# Coming to Phuket



## PhuketLou (Apr 20, 2013)

Hi everyone

In June I am coming to Phuket with my fiancée and brother to stay for 6-12 months. We have just got our tourist visas that so far allow us to stay 6 months with 60 day border runs. Can anyone suggest the best (and cheapest) way to do these border trips? Wondering if maybe there are buses that do day trips to Burma or somewhere close? Otherwise we thought we could just get cheap flights with air asia to somewhere such as KL for the day?? 
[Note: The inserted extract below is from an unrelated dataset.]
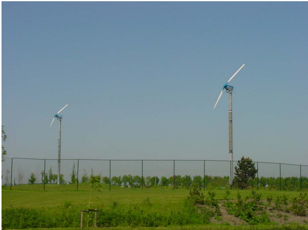
2 x WES 18 next to a golf course, the Netherlands.

We are also planning to buy scooters/motorbikes when we arrive to use while we are there. Can anyone suggest any good dealers or places to go that sell them second hand? Thanks


----------



## PhuketLou (Apr 20, 2013)

Also, is it worth getting an international drivers permit as well before we come?


----------



## Song_Si (Jun 11, 2010)

Hi
At 60 days go to Phuket Immigration for a 30-day extension (cost 1900 baht)
At 90 days is when you need to exit the country
There are options of minivan runs to Ranong (same day return), or maybe consider going south to Penang (a day each way), your second 60-day TV will be activated when you return to Thailand.
As you mentioned, alternative is take a cheap flight and Air Asia is likely the best option.
They have '_Fabulous Flyday_' Friday specials that offer good advance purchase discounts - make sure you get you days right as once booked her's no refunds.
Book early - I just selected a couple of days in September 2210 baht return per adult, all inclusive no hidden charges. The same flights thies Tues/Weds would cost 5320 baht.

Firefly also fly from Phuket-Penang
Malaysia Airlines fly Phuket - KL

Also refer to *Thailand - visits and Tourist Visas*

Just my opinion, but if you do fly, what not take a few days - if you're not working what's the rush, I make mini-holidays out of any visa-related travel, eg so much in and within a couple of hours of KL.


----------